Charles Sturt made a pencil sketch of the area in 1844 and noted iron ore along an isolated hill. In 1866 the Mount Gipps sheep station named their paddock, which embraced the lode outcrop, Broken Hill. However, the hill was thought to be mullock. On 5 September 1883, a Mount Gipps boundary rider named Charles Rasp staked a claim on the outcrop because it looked like tin oxide as described in his prospecting guide book. With six others he staked the entire outcrop. In 1884, the syndicate reorganized as the Broken Hill Mining Company. Horn silver was discovered in 1885 and the Broken Hill Proprietary Company Limited was incorporated.

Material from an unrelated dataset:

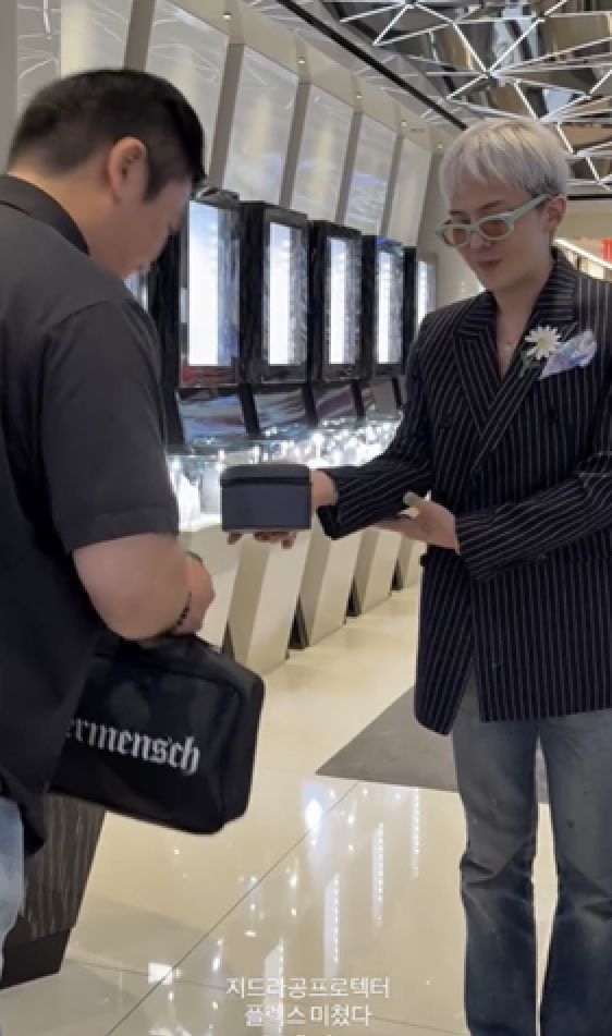공개된 동영상 속 지드래곤은 스위스 하이엔드 워치 J브랜드 숍에서 경호원들에게 시계를 직접 선물하는 모습. 경호원들의 이름을 호명하면서 고가 시계를 전한 지드래곤은 "저를 보호해주신다"며 감사함을 드러냈다.

Charles Rasp discovered the gossan or weathered sulfide outcrop of massive lead-zinc sulfides on a feature known as Broken Hill. Rasp reported finding massive galena, sphalerite, cerussite and other oxide minerals, but was most concerned with the galena, a primary source of lead. His reports, believed exaggerated at the time, of masses of lead in the desert, soon proved true and sparked a 'lead rush' similar to gold rushes.

=== Exploitation ===

Broken Hill was exploited initially by small prospectors working the gossan for easily won galena, and soon dozens of shafts were sunk. Ore was carted to South Australia by camel trains, wagons and pack mules. A major secondary source of income became apparent, with extremely high silver grades recovered, including native silver, and other rare silver minerals present in abundance.

Open-pit mining of silver oxide ores was the norm from 1885 to 1898, with local smelting. From 1898 until 1915, the lead-zinc-silver sulfide minerals were developed with the concentrates treated overseas. Starting in 1915, the concentrates were treated entirely in Australia. The central part of the lode was depleted by 1940 and production was concentrated in the north and south ends. Properties in the 1950s included North Broken Hill Limited, Broken Hill South Limited, The Zinc Corporation Limited, and New Broken Hill Consolidated Limited. Through 1946, 63.8 million tons of ore have produced 8.6 million tons of lead, 5.2 million tons of zinc, 538 million ounces of silver, and 165,000 ounces of gold.

Mining has gradually moved away from the initial small prospectors, in line with the experience in all other major mineral fields, toward gradual consolidation of claims and tenure, an increase in tenure and mine size and efficiencies in operations resulting in smaller workforces. This has accelerated in the last part of the 20th century via the formation of the Broken Hill Proprietary Company and its exit from Broken Hill, toward only two operators at present, utilising highly efficient bulk underground mechanised mining.

Broken Hill South Limited ceased operations in 1972 and its leases were acquired by Minerals Mining & Metallurgy (MMM). Underground mining stopped in 1976 and open pit mining is concentrated in the Blackwood Open Cut, which commenced in 1973, and the Kintore Open Cut. Stope fill, plus remnant supergene silver and sulphide ore characterize the ore reserve.

Pasminco took over the leases of Zinc Corporation and New Broken Hill Consolidated. Their main shafts included ZC, NBHC and Southern Cross. These ZC Mines Leases lie south of the MMM Mining Leases along the Broken Hill "line of lode".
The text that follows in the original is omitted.